• Directions: Exercise in exact copying: restate word for word only the lines below from the one containing "- Grogu teaser" through the one containing "วัดใจ หลวงปู่ทวด หลวงปู่ศิลา", omitting any pictures.

Records from a dataset
*** Block opens ***
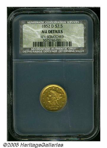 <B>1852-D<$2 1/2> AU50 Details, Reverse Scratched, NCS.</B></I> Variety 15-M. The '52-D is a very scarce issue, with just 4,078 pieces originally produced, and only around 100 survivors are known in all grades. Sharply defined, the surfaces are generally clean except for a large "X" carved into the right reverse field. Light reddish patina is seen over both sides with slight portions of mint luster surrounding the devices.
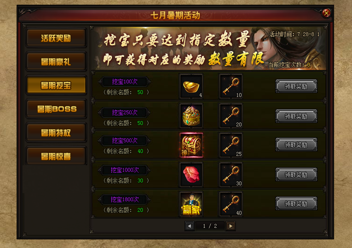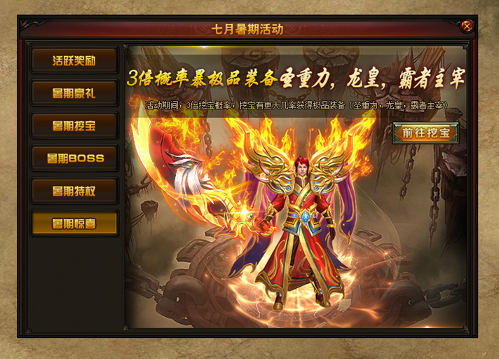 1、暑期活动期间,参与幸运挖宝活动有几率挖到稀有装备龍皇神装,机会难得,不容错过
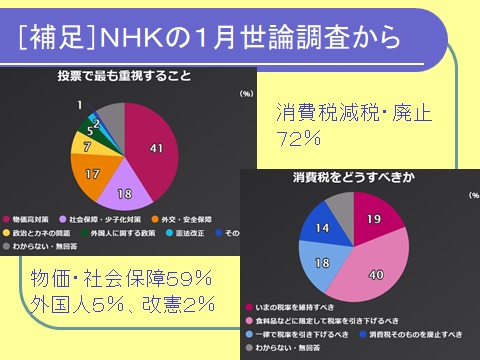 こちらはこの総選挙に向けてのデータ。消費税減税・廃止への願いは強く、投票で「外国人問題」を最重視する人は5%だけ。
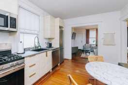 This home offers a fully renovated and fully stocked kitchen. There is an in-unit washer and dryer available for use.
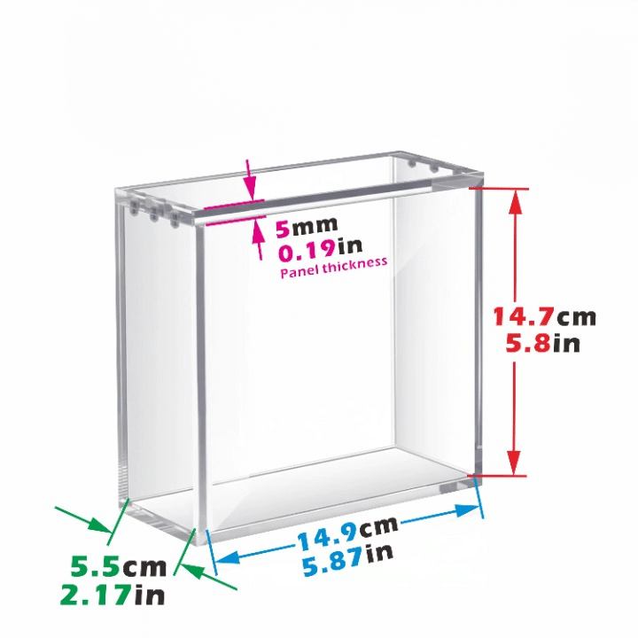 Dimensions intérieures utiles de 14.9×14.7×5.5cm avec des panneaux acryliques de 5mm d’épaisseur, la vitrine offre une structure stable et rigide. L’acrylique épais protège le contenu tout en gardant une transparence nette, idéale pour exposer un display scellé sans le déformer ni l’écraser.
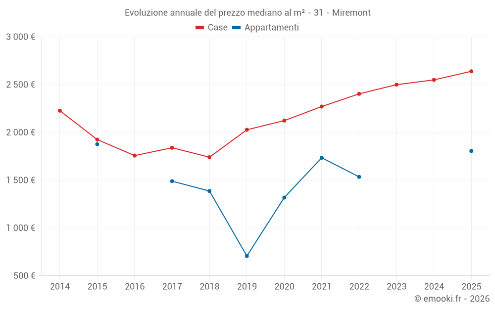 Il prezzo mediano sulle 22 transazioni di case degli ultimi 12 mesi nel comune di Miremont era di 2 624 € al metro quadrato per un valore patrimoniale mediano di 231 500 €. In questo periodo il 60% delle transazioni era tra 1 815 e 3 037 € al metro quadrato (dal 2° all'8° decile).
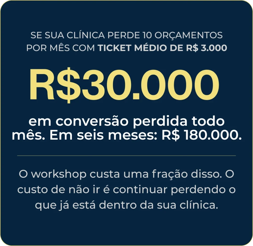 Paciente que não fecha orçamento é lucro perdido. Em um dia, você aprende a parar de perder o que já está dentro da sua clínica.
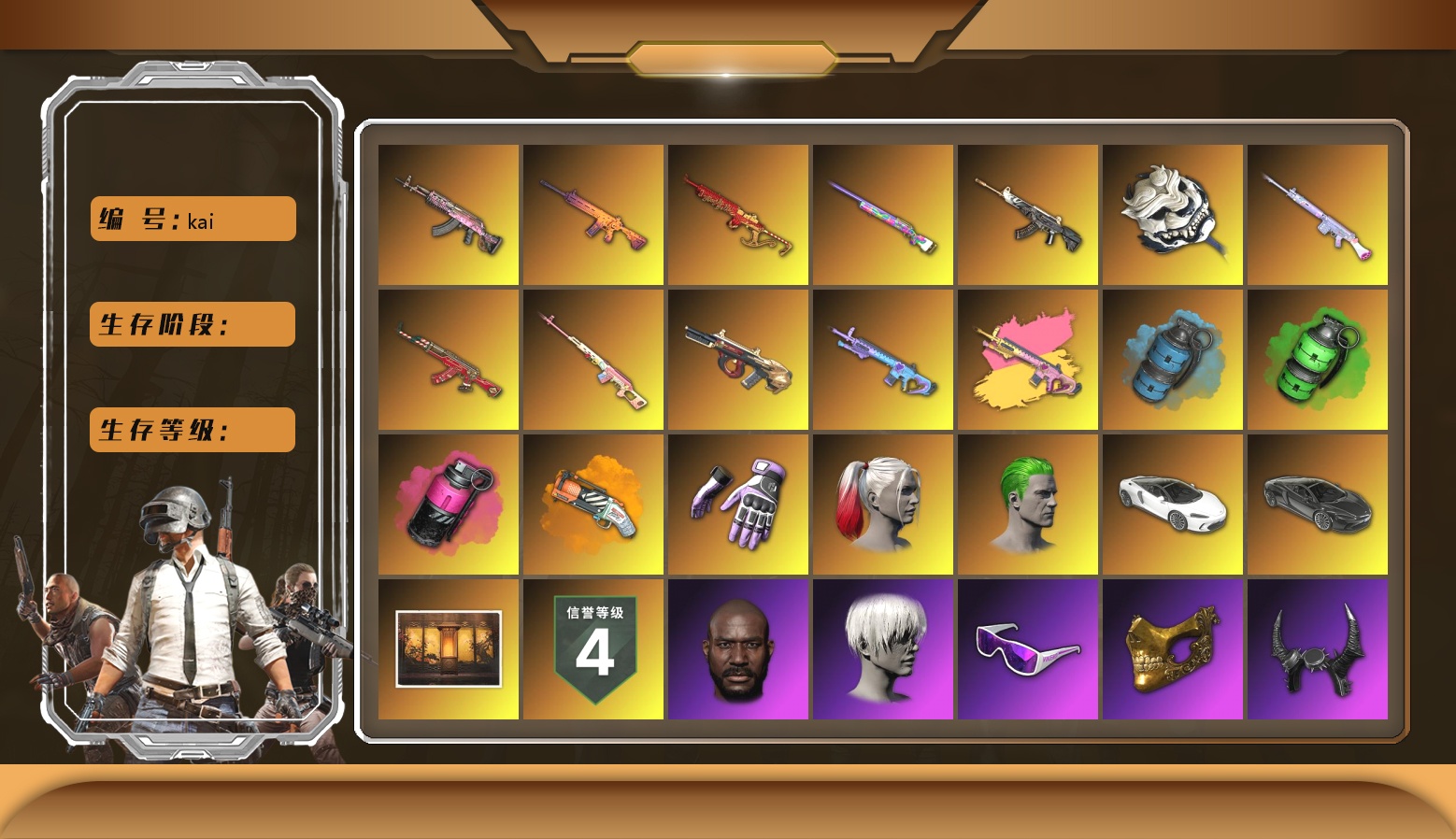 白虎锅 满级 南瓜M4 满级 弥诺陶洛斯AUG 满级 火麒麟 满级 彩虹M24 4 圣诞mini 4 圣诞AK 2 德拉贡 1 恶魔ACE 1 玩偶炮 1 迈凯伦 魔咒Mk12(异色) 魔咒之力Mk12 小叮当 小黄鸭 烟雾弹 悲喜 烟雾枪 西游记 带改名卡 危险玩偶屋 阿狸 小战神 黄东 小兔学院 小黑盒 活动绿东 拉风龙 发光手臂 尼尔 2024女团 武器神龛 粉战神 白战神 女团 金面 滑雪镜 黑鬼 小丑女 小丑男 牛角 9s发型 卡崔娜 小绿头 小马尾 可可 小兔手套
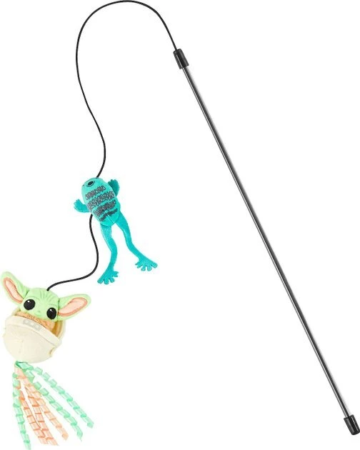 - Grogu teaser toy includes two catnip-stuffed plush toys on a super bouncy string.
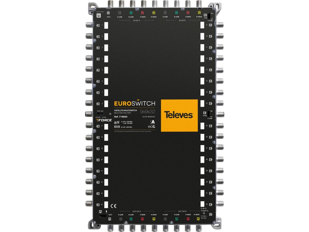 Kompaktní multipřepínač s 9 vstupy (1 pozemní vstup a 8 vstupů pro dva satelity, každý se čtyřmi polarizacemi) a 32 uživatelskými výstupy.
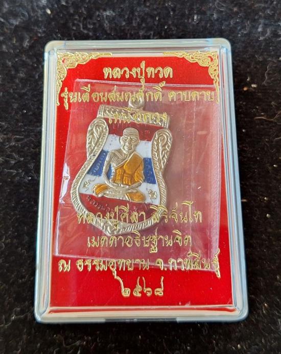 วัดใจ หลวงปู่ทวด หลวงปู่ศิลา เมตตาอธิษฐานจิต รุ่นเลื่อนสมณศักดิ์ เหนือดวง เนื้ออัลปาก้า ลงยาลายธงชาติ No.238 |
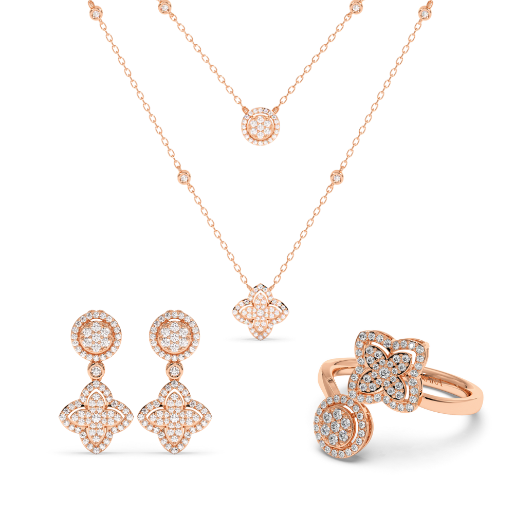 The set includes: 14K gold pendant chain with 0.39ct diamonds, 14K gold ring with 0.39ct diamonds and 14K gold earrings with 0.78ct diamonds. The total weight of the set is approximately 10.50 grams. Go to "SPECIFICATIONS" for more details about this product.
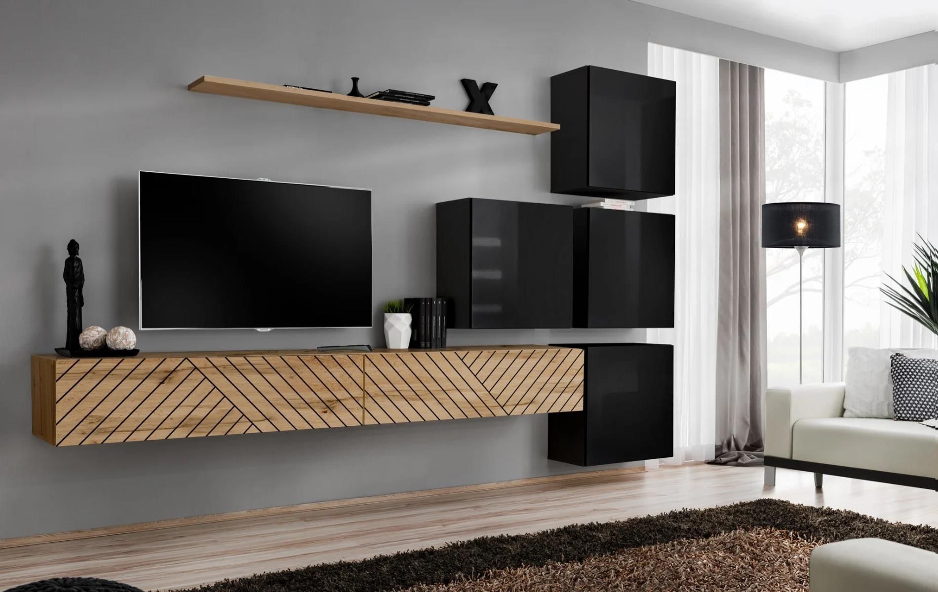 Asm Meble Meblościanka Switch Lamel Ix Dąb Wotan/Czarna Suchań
*** Block closes ***
• Solved exercise:
 - Grogu teaser toy includes two catnip-stuffed plush toys on a super bouncy string.
 Kompaktní multipřepínač s 9 vstupy (1 pozemní vstup a 8 vstupů pro dva satelity, každý se čtyřmi polarizacemi) a 32 uživatelskými výstupy.
 วัดใจ หลวงปู่ทวด หลวงปู่ศิลา เมตตาอธิษฐานจิต รุ่นเลื่อนสมณศักดิ์ เหนือดวง เนื้ออัลปาก้า ลงยาลายธงชาติ No.238 |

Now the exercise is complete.